Действительно, сажа, смоченная водой, самым удивительным образом расписала фуражку Кабулке и его красное, толстое лицо.

– Я? Упал? Да, конечно, упал! Может быть, фрейлейн, вы принимаете меня за пьяного? – бушевал Кабулке. – Сюда, фрейлейн, сюда гоните всю вашу верхушку! – Кабулке хотел сказать: всех учеников, живущих на верхнем этаже. – Тащите этих ослов из их кроватей хотя бы в одних рубашках. Пусть все соберутся, а я уж сам найду виновных. Ваши ученики облили меня какой-то дрянью.

Старший скотник поднёс к свету свою испачканную фуражку. Инга Стефани попыталась успокоить его.

– Завтра утром, дорогой Кабулке, сразу же после подъёма, я найду виновных, а теперь ночь и все спят, – уговаривала она его.

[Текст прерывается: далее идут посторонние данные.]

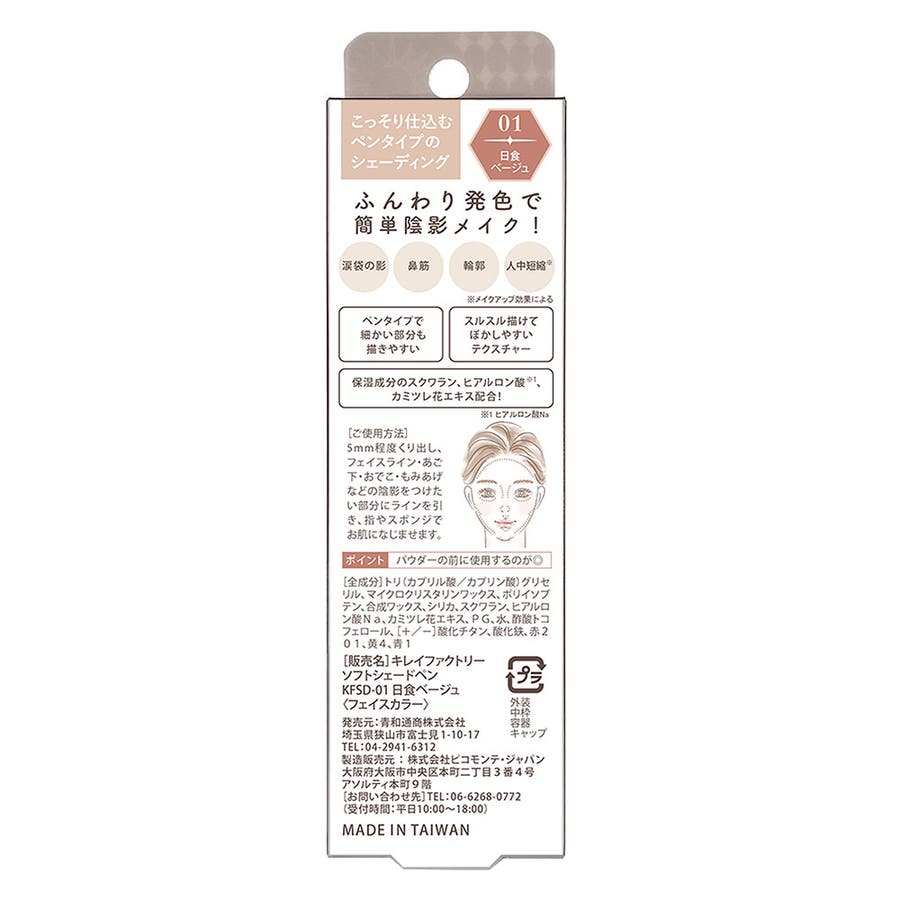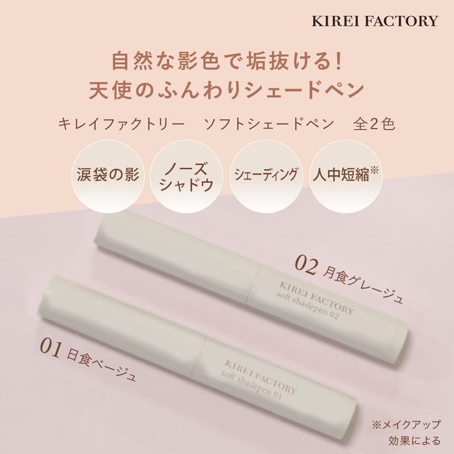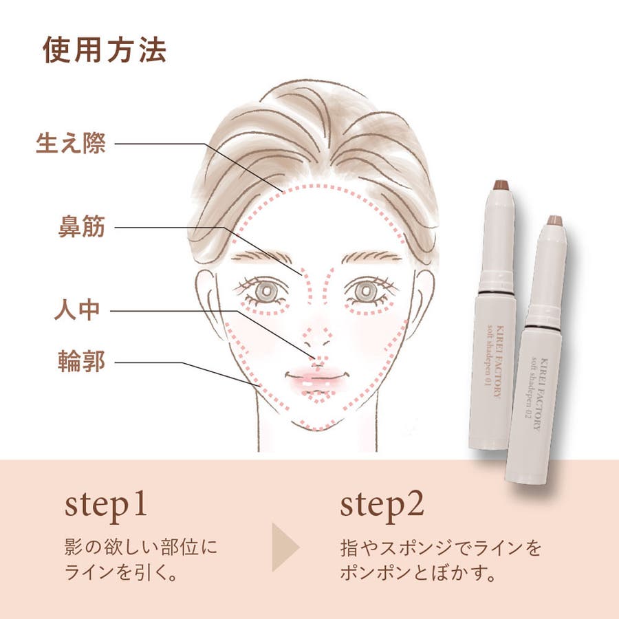自然な影色で垢抜ける!天使のふんわりシェードペンsoft shadepenマルチに使える自然な影色涙袋の影 ノーズシャドウ シェーディング 人中短縮※※メイクアップ効果によるこっそり仕込むペンタイプのシェーディングふんわり発色で簡単陰影メイク!涙袋の影 鼻筋 輪郭 人中短縮※※メイクアップ効果による・ペンタイプで細かい部分も描きやすい・スルスル描けてぼかしやすいテクスチャー・保湿成分のスクワラン、ヒアルロン酸※1、カミツレ花エキス配合!※1 ヒアルロン酸Naポイント:パウダーの前に使用するのが◎[販売名]キレイファクトリーソフトシェードペンKFSD-01 日食ベージュ 〈フェイスカラー〉

– Спят! Я видел, как они спят! – Кабулке в ярости нахлобучил на лоб мокрую фуражку. – Нечего сказать, хороши у вас порядочки, фрейлейн! Видно, что вы знаете своё дело. Ого, хотел бы я денёк побыть начальником в этом свинарнике! Хотя бы один-единственный денёк. Уж я бы им показал, можете быть уверены! Они бы у меня ночью отдыхали. А случись такое происшествие, как сегодня, да я бы всю эту компанию в бараний рог согнул!

Он уже исчез в темноте, но его голос ещё долго доносится издали, словно раскаты грома. Уж он покажет этим ученикам, пусть только явятся к нему в коровник. Там они узнают, почём фунт лиха.

Придя домой и снимая ботинки, Кабулке всё ещё строил планы мести. Его примерный сын Феликс неподвижно лежал под одеялом. Из-под одеяла виднелся только один русый чуб, который Феликс, перед тем как пойти на танцы, сильно напомадил.

Кабулке-отец потянул носом воздух. Запах помады пришёлся ему не по вкусу. Уж не слопал ли этот осёл цветочное мыло? Берегись, паренёк, и тебе придётся когда-нибудь чистить навоз в моём коровнике.

Инга Стефани заперла за старшим скотником дверь. У неё болела голова. Конечно, от досады. Как глупая школьница, стояла она перед Кабулке, выслушивая его грубости. Да, завтра она строго накажет виновных. Давно ей пора перестать миндальничать.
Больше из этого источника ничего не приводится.